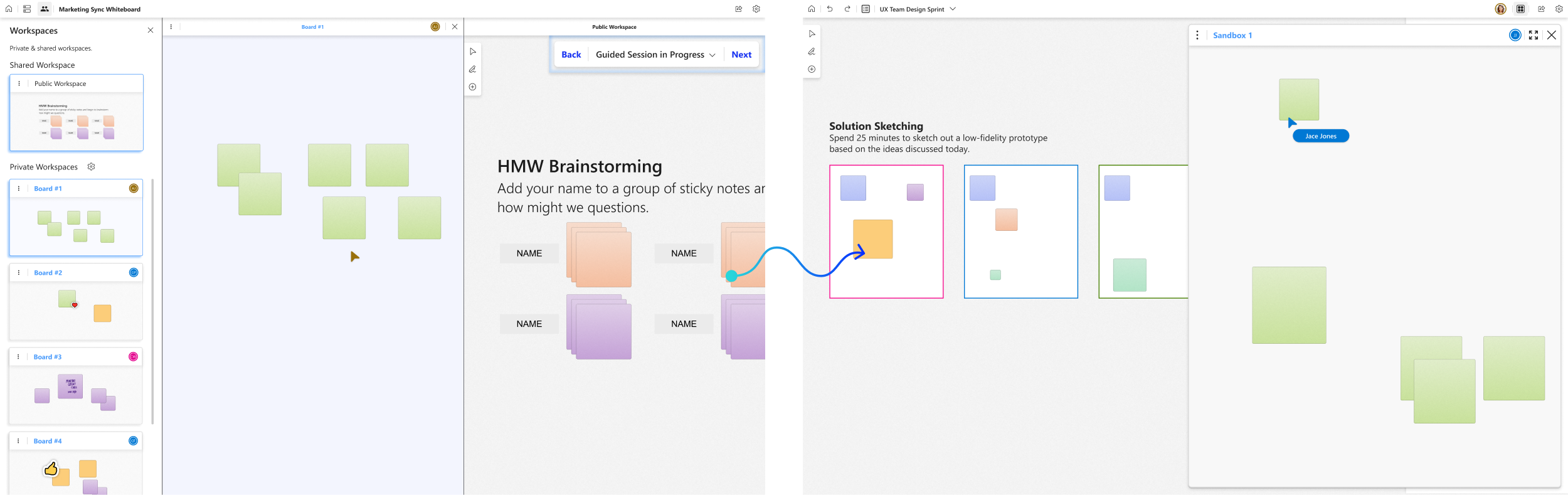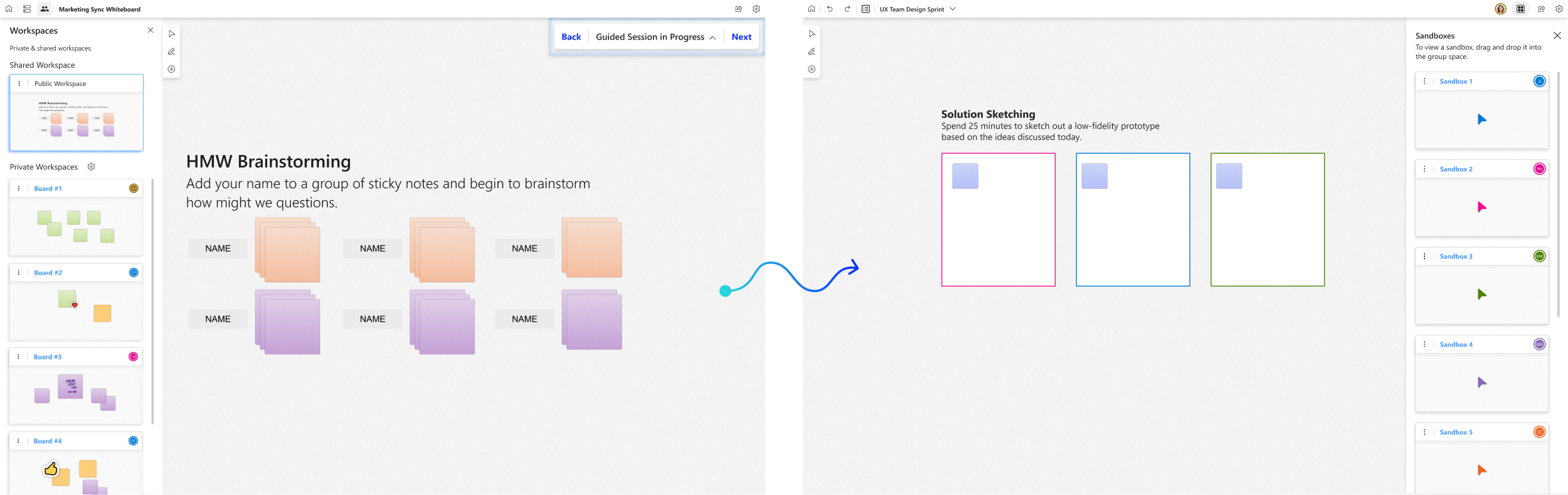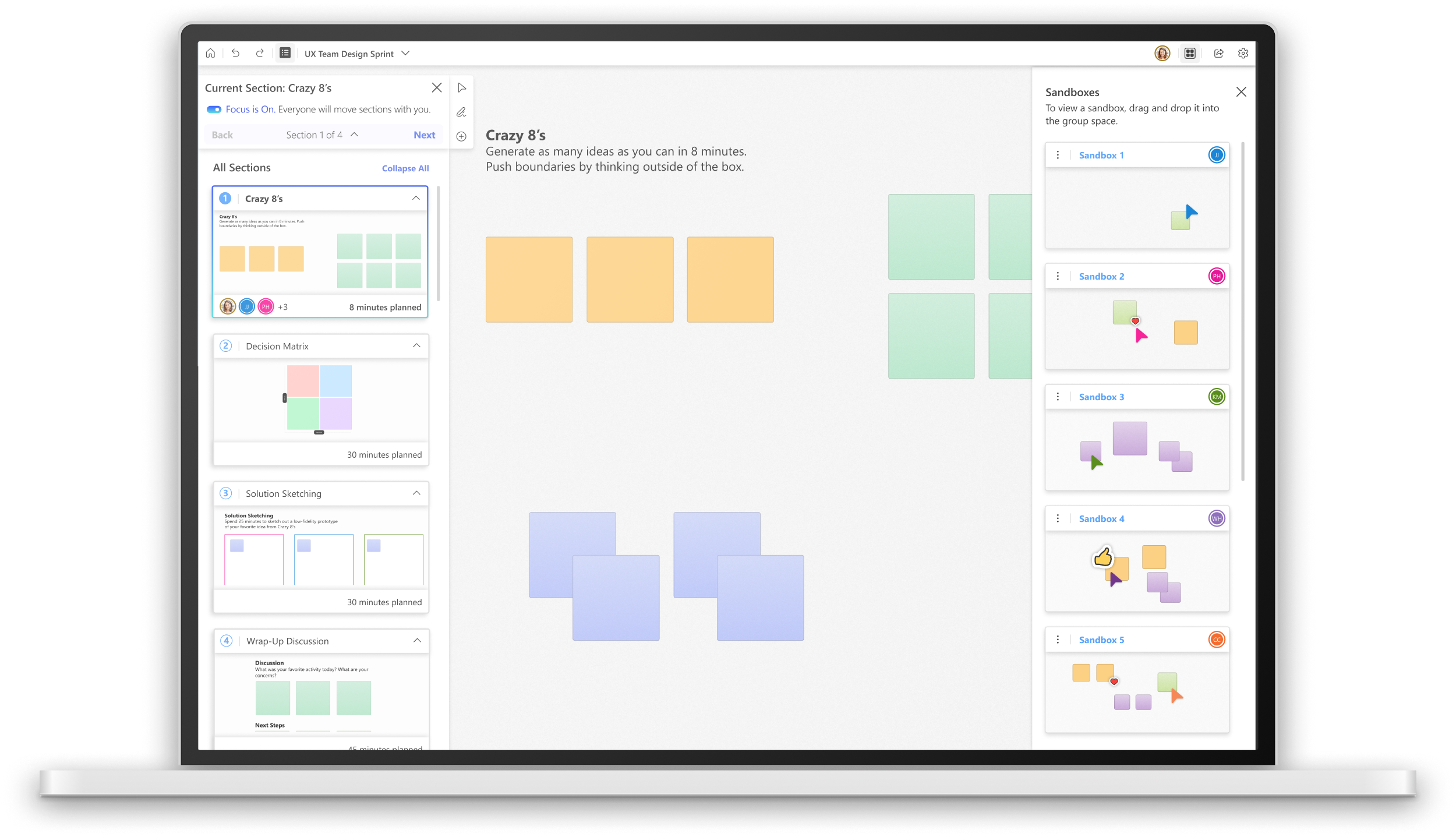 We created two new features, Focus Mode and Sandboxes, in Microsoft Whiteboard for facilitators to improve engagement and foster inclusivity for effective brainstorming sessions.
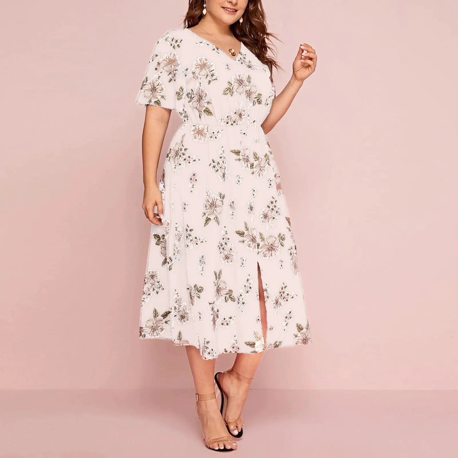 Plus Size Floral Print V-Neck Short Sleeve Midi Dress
==
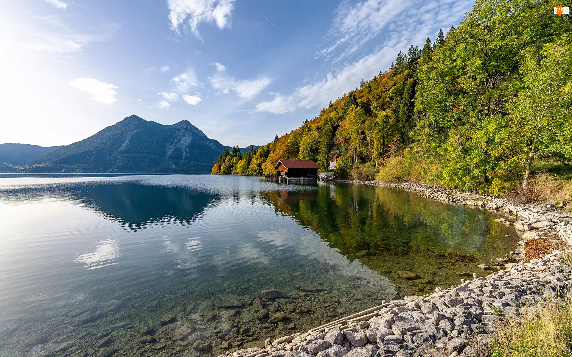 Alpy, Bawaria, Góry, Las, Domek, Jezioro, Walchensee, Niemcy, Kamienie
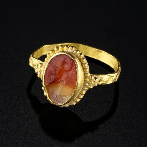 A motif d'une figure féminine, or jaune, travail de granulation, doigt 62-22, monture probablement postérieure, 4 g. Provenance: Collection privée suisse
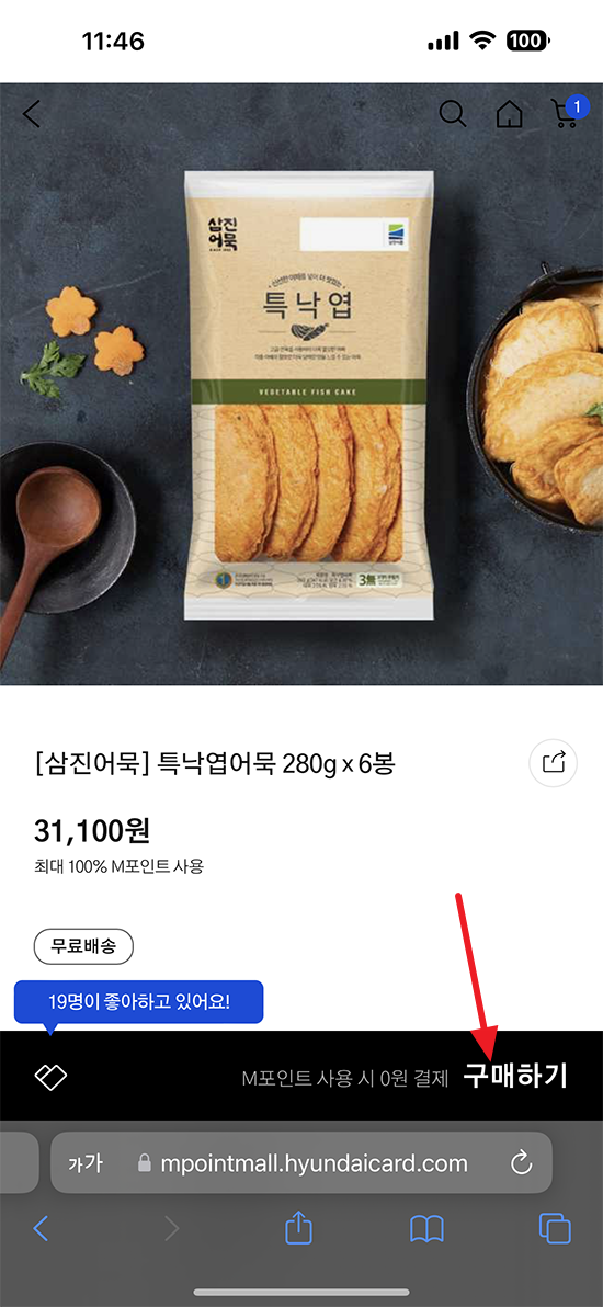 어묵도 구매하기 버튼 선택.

» **TASK STATEMENT**
Write out exactly the lines above between the one with "Walchensee, Niemcy, Kamienie" and the one with "어묵도 구매하기 버튼 선택.", inclusive, with pictures left out.

» **WRITTEN RESPONSE**
 Alpy, Bawaria, Góry, Las, Domek, Jezioro, Walchensee, Niemcy, Kamienie
 A motif d'une figure féminine, or jaune, travail de granulation, doigt 62-22, monture probablement postérieure, 4 g. Provenance: Collection privée suisse
 어묵도 구매하기 버튼 선택.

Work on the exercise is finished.